Opinion: A lesbian kiss and a parade of trauma

Well, it was just the sweetest thing.

It happened during the Macy’s Thanksgiving Day Parade. All these happy cast members of the Broadway musical “The Prom” were dancing and singing, when — three minutes and 15 seconds into the performance — two of the actresses kissed.

Holy cannoli.

This was reportedly the first lesbian kiss on camera in the Macy’s parade. Social media exploded with expressions of joy and gratitude. It’s not hard to understand why if you know someone who is gay — and you do, even if you think you don’t. For this historic moment to happen during one of America’s most celebrated Thanksgiving traditions felt like hope with rhythm.

But a right-wing group called ForAmerica — of course it is — was having none of this.

“Millions of small children just watched two girls kiss and had their innocence broken this morning,” it tweeted. Parents had been “blindsided.” Macy’s and NBC had colluded to “push their agenda on little kids.”

It’s just exhausting, isn’t it? All of it. The nonexistent tragedy. The false accusations to keep extremists frothing. The willingness to depict children, who are born with hearts wide-open, as small-minded simpletons unable to see a kiss for what it is, a tender act of love.

I feel only pity for the writer of that tweet. We lose such a vital part of ourselves when we are unwilling to see the world through the eyes of a child. It turns us into someone who thinks the sight of two women sharing a kiss is the greatest trauma facing today’s children in America.

I was reminded of Jesse Dorris’ story for The New Yorker in March, titled “What School Shooting Drills Look Like Through Students’ Eyes.”

As Dorris noted, the most recent federal data show that more than two-thirds of public school students went through active shooter drills during the 2013-14 school year. Dorris’ outstanding reporting allows us to see, through the eyes of children, what it’s like to train as if your school will be the next target of a mass murderer.

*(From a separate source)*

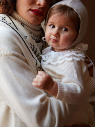 Découvrez notre col en dentelle de Calais Orso, délicatement brodé et imaginé pour sublimer les tenues de bébé avec raffinement.

One account: “George Groves, who is ten, is a fifth grader at Henry Barnard School, in Providence, Rhode Island. He said that he has been doing drills since he was in kindergarten, around once every three months. ‘In the classrooms, there’s usually cubbies with coat hooks, and we know to go over there and sit down when the teacher says,’ he said. ‘We have little slides on our door windows. One’s green and one’s red. If it’s red, it means we are missing a kid or a few kids.’ The teachers, he explained, ‘pull down the shades and lock the doors, and we wait.'”

But that kiss.

The Sunday after Thanksgiving, CBS News’ “60 Minutes” aired a story about children who were ripped from their migrant parents’ arms and shipped hundreds of miles away, often for months. One of them, a curly-haired cherub named Immers, was arrested — yes, arrested — and taken from his father without having a chance to say goodbye.

For 73 days, Immers lived with a foster family in Michigan as his parents fought for asylum in the U.S. His father has a visible scar from being shot in the back by a gang member in Honduras. A judge has ruled that he may qualify to move his family here.

The scene of Immers’ return to his parents illustrates the dangers of these separations for children. His mother is on the floor, sobbing as she repeatedly attempts to hold her son, who is wriggling and escaping her grasp. He does not want her kisses.

“I’m your mother, honey,” she says in Spanish. “What is wrong with my son?”

She later told “60 Minutes'” Scott Pelley, “It felt like he wasn’t my son anymore. It felt like a nightmare, like I was dead.”

Her little boy is different after his time away. She describes him as withdrawn and moody and says it’s been very difficult to deal with him.

Most of us want to believe that children like Immers will recover, that they’ll return to the cheerful and outgoing little kids they used to be.

This is often unlikely, psychiatrist Pam McPherson told Pelley.

“When a child looks to their parent for comfort and the parent’s not there, the child quits looking for comfort. Once the child detaches, they can have lifelong difficulties forming relationships.”

As “60 Minutes” also reported, the Trump administration has been ripping apart migrant families for far longer than it claimed, taking away more children than it admitted.

But sure, that kiss at the Macy’s parade. How will our children ever recover?

— Connie Schultz is a Pulitzer Prize-winning columnist with Creators Syndicate.